- Author(s): Gawain Poet (anonymous)
- Language: Middle English, North West Midlands dialect
- Date: late 14th century
- Provenance: Henry Savile, Yorkshire
- Series: together with Sir Gawain and the Green Knight, Pearl (poem) and Cleanness
- Manuscript(s): Cotton Nero A.x.
- First printed edition: 1864 Richard Morris
- Genre: Poem, didactic, homiletic and alliterative verse
- Verse form: Alliterative Revival
- Length: 530 lines
- Subject: Virtues of patience

= Patience (poem) =

Middle English alliterative poem

Patience (Middle English: Pacience) is a Middle English alliterative poem written in the late 14th century.

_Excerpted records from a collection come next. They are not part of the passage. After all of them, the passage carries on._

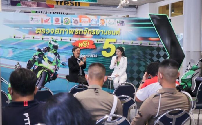 วันที่ 16 มี.ค. 2566 บริเวณลาน อเวนิว โซน A ศูนย์การค้า เอ็ม บี เค เซ็นเตอร์ บริษัท ที ลีสซิ่ง จำกัด ผู้ให้บริการสินเชื่อเช่า–ซื้อ รถจักรยานยนต์ ในเครือ เอ็ม บี เค ร่วมกับ กรมควบคุมมลพิษ (คพ.) สำนักงานกองทุนสนับสนุนการสร้างเสริมสุขภาพ (สสส.) ศูนย์การค้า เอ็ม บี เค เซ็นเตอร์ (MBK) ฮอนด้า ยามาฮ่า หจก. บางกอกมอไซค์ สำนักงานเขตปทุมวัน สถานีตำรวจปทุมวัน สำนักงานเครือข่ายองค์กรงดเหล้า (สคล.) และ ศูนย์วิชาการเพื่อขับเคลื่อนการป้องกันและแก้ไขปัญหามลพิษอากาศ (ศวอ.) จัดกิจกรรม “ที ลีสซิ่ง เปื้อนยิ้ม เพิ่มห่วงใย ตรวจสภาพรถจักรยานยนต์ ฟรี ครั้งที่ 5” ให้บริการเปลี่ยนถ่ายน้ำมันเครื่อง ตรวจสภาพรถจักรยานยนต์ และตรวจควันดำสำหรับรถยนต์ดีเซลและตรวจวัดก๊าซ CO/HC และระดับเสียงของรถจักรยานยนต์ ให้ประชาชนก่อนเดินทางช่วงเทศกาลสงกรานต์ ฟรี! ระหว่างวันที่ 16 – 17 มี.ค. 2566 เวลา 10.00 น. – 16.00 น.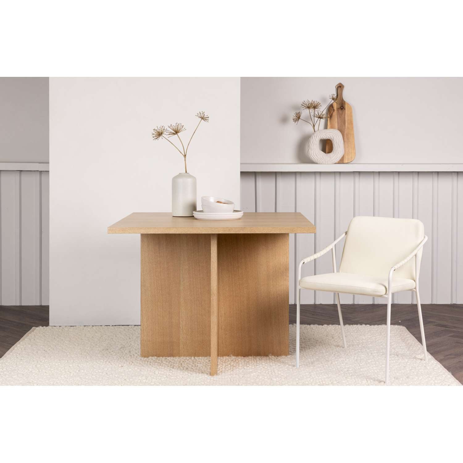 - Een eettafel in de strakke en moderne kleur Naturel.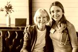 Portrait of friendly nurse cares for elderly woman in nursing home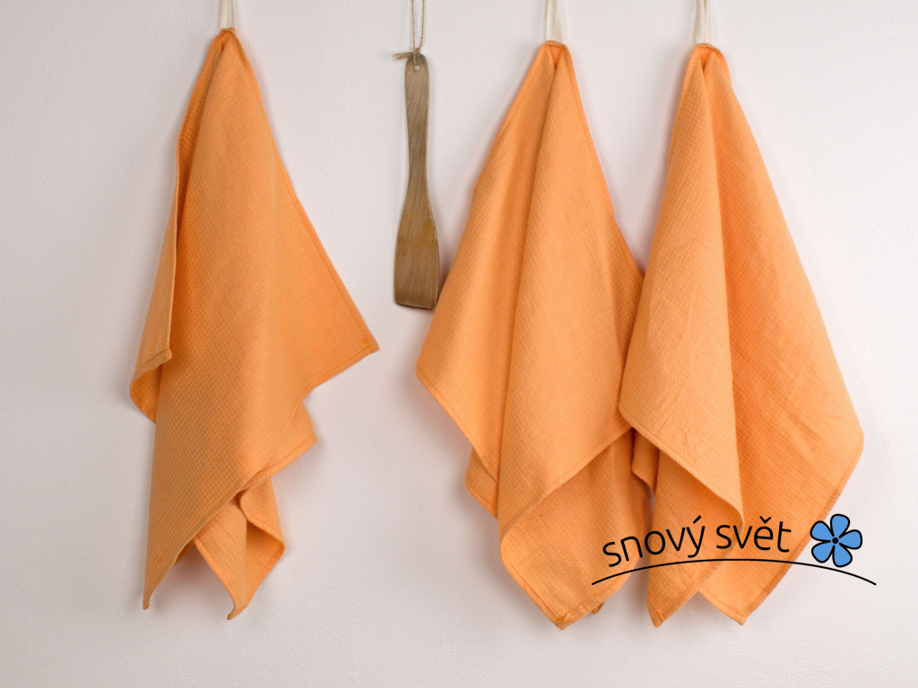 Barevná pololněná utěrka (3x BL0149), která zajistí maximální funkčnost pro běžnou domácnost i pro restauraci. Vhodná na běžné používání a vždy bude dobře sloužit. Lněná utěrka má poutko na zavěšení. Tento kuchyňský doplněk je vyroben z tvarovaného materiálu, kterému se přezdívá "Vafle", protože právě svou strukturou připomíná toto americké jídlo. Ten zaručuje vysokou savost a díky lnu také odolnost.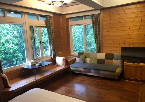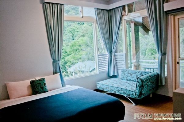 溫馨的雙人房型,藍綠色調很森林系,每間房都有大片的景觀窗,好讓旅客能夠在房內就能欣賞窗外美景,就像住在玻璃屋內,寬敞又舒適,設備應有盡有!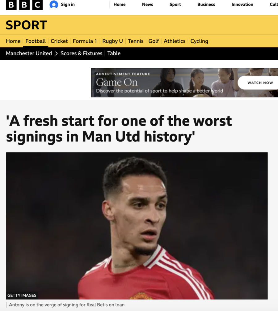 영국 공영방송 ‘BBC’는 25일(한국시간) “150년에 가까운 역사를 가진 맨체스터 유나이티드가 역사상 최악의 영입을 논할 때, 브라질 출신의 윙어 안토니 이름이 거론될 것이다. 맨체스터 유나이티드는 안토니를 프리메라리가 팀 레알 베티스 임대 보내기를 결정했다. 안토니의 주급 84%를 부담하는 조건으로 계약을 체결했다”라고 보도했다.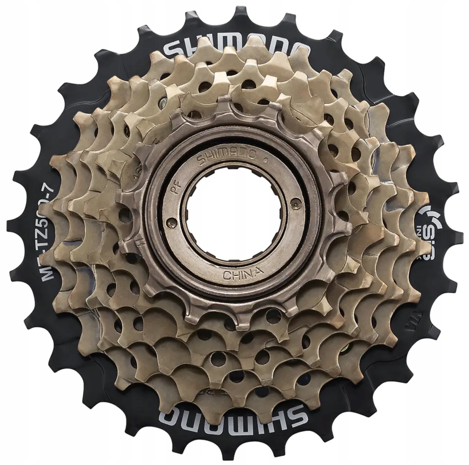 Обгонная муфта Shimano MF-TZ50 14-28T обеспечивает широкий диапазон передач. Расстояние между звездочками 14-28 означает, что недостатка в передачах быть не должно как при езде по ровной местности, так и в гору. Обгонная муфта выпускается в двух вариантах: 6- и 7-рядная.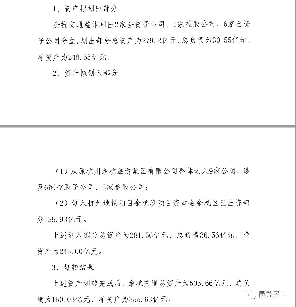 根據余杭交通的公告信息,劃出資產部分的總規模為279.20億元,劃入資產的總規模為281.56億元。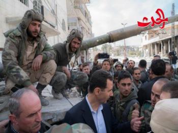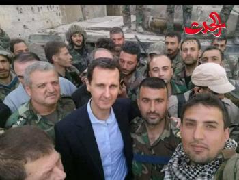 بالصور .. على خطوط النار في الغوطة_الشرقية .. الرئيس الأسد مع أبطال الجيش العربي السوريفاجأ السيد الرئيس بشار حافظ الأسد الجنود العاملين على الخطوط الأمامية في جبهة الغوطة الشرقية بزيارتهم على خطوط النار وهنئا السيد الرئيس الأبطال وشد على سواعدهم واثنا على بطولاتهم واكد أبطال الجيش العربي السوري اصرارهم على اجتثاث عصابات التكفيرية حتى اخر شبر من الوطن وطالبه الابطال بأخذ صورة تذكارية (سيلفي )مع سيادته فلبا طلبهم يكل سرور

Its unknown author, designated the "Pearl Poet" or "Gawain Poet", also appears, on the basis of dialect and stylistic evidence, to be the author of Sir Gawain and the Green Knight, Pearl, and Cleanness (all ca. 1360–1395) and may have composed St. Erkenwald. This is thought to be true because the techniques and vocabulary of regional dialect of the unknown author is that of Northwest Midlands, located between Shropshire and Lancashire.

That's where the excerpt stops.